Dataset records
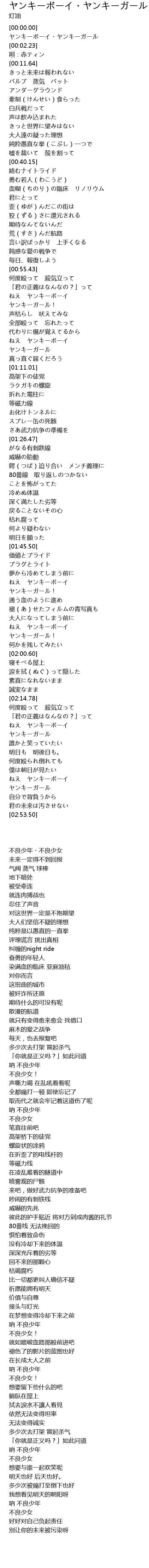 | [00:00.23] | ヤンキーボーイ・ヤンキーガール |
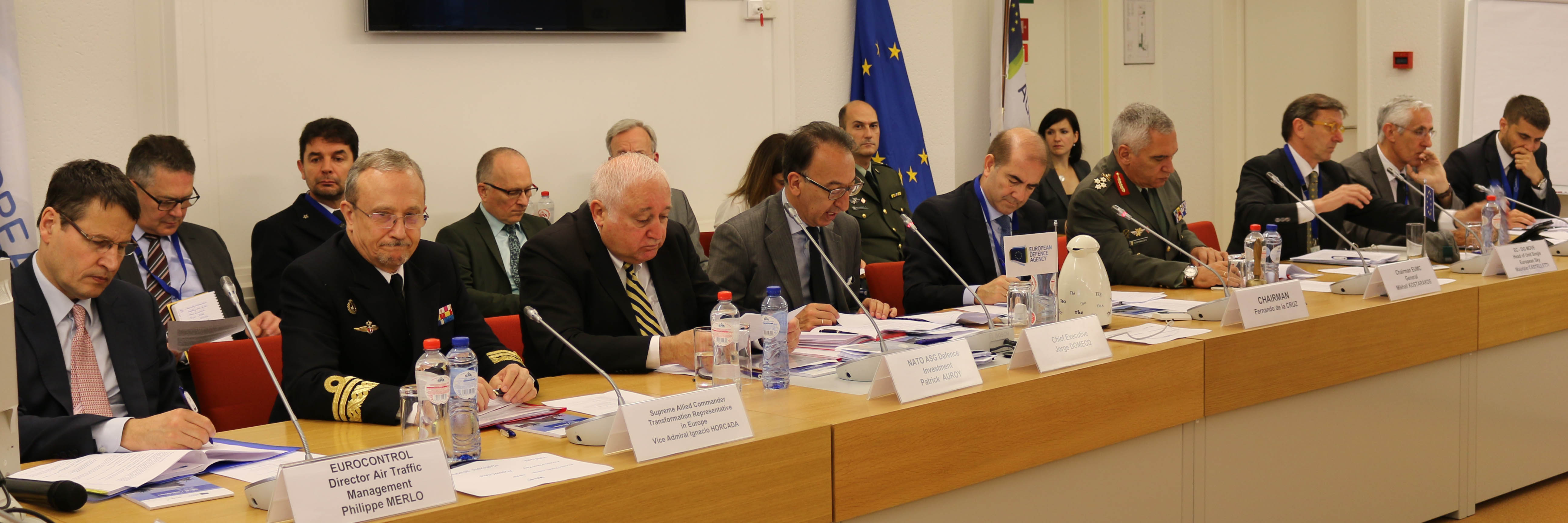 On 31 May, high-level representatives and experts from the Member States, EUMC and EUMS Staff, NATO Allies and Officials of the European Commission (DG MOVE), SJU, SDM, EASA, NATO and EUROCONTROL met at the European Defence Agency for the 8th edition of the SES/SESAR Military Implementation Forum. The meeting was followed by the first EDA Single European Sky Military Aviation Board (ESMAB) policy level meeting.
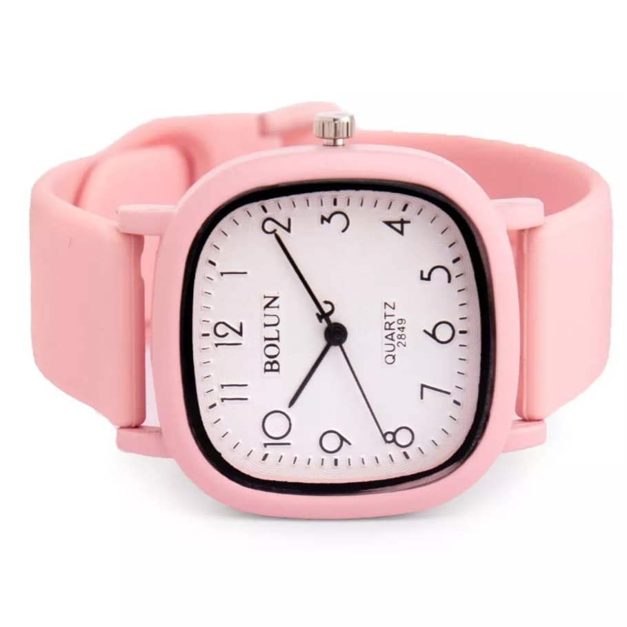 - ساعت مچی زنانه و دخترانه بلون BOLUN بند سیلیکونی پاستیلی صورتی+باطری اضافی کد 2561
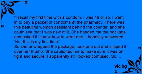 “I recall my first time with a соndом, I was 16 or so. I went in to buy a packet of condoms at the pharmacy. There was this beautiful woman assistant behind the counter, and she could see that I was new at it. She handed me the package and asked if I knew how to wear one. I honestly answered, ‘No, this is my first time.’
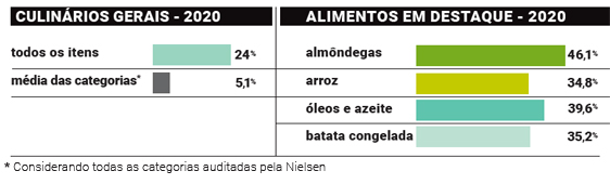 Se o ano passado foi bom para as vendas de produtos utilizados como ingredientes, 2021 deve manter essas categorias aquecidas. Em 2020, os produtos culinários apresentaram um crescimento expressivo em valor, de acordo com dados da Nielsen:
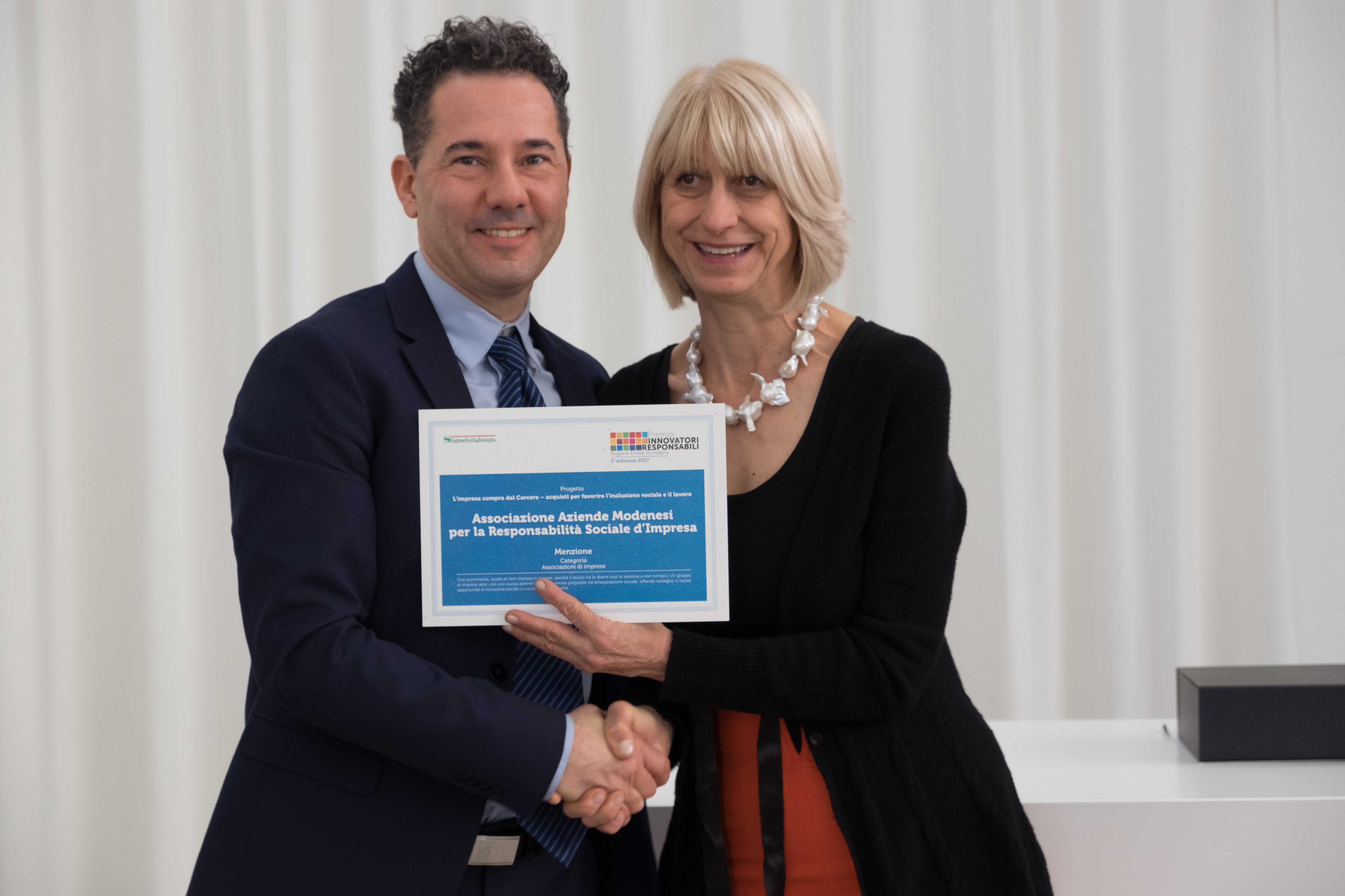 Premio Er.Rsi edizione 2017 Fiorano Modenese, 6 dicembre 2017 https://imprese.regione.emilia-romagna.it/rsi/fotogallery/er-rsi-2017 https://imprese.regione.emilia-romagna.it/@@site-logo/2025-RER-IDENTITA-VISIVA_logo_mobile.png Premio Er.Rsi edizione 2017 Fiorano Modenese, 6 dicembre 2017 Yoox Net a Porter Group - Prima classificata imprese con più di 250 dipendenti Stafer - Prima classificata imprese con meno di 250 dipendenti Work and Service - Prima classificata Cooperative sociali Confesercenti e Piacecibosano - Prima classificata associazioni di impresa Local to you - Prima classificata start up Consorzio Rimini Mare - Prima classificata imprese con meno di 20 dipendenti Coopselios - Menzione speciale Assemblea legislativa Cooperativa sociale Tice - Menzione cooperative sociali Coop Reno - Terza calssificata imprese con più di 250 dipendenti Coop Alleanza 3.0 - Menzione imprese con più di 250 dipendenti Consorzio Integra - Terza classificata imprese con meno di 250 dipendenti Col.Ser Servizi - Menzione speciale Assemblea legislativa Cna Emilia Romagna - Menzione associazioni di imprese CM Sistemi informatici - Menzione speciale Assemblea legislativa Casa Gioia - Menzione start up Camelot Officine cooperative - Menzione cooperative sociali Aziende modenesi per la Rsi - Menzione associazioni di imprese Andrea Pontremoli - AD Dallara Automobili, Presidente Associazione Muner Allevamenti F.lli Morini - Menzione start up By-EntO - Seconda classificata start up Precedenti 20 elementi 1 2 3 Successivi 5 elementi

Task brief:
Up to and including the line that holds "- ساعت مچی زنانه", restate word for word each line of the records from their start, and only those lines, leaving out the pictures.

Output for this task:
 | [00:00.23] | ヤンキーボーイ・ヤンキーガール |
 On 31 May, high-level representatives and experts from the Member States, EUMC and EUMS Staff, NATO Allies and Officials of the European Commission (DG MOVE), SJU, SDM, EASA, NATO and EUROCONTROL met at the European Defence Agency for the 8th edition of the SES/SESAR Military Implementation Forum. The meeting was followed by the first EDA Single European Sky Military Aviation Board (ESMAB) policy level meeting.
 - ساعت مچی زنانه و دخترانه بلون BOLUN بند سیلیکونی پاستیلی صورتی+باطری اضافی کد 2561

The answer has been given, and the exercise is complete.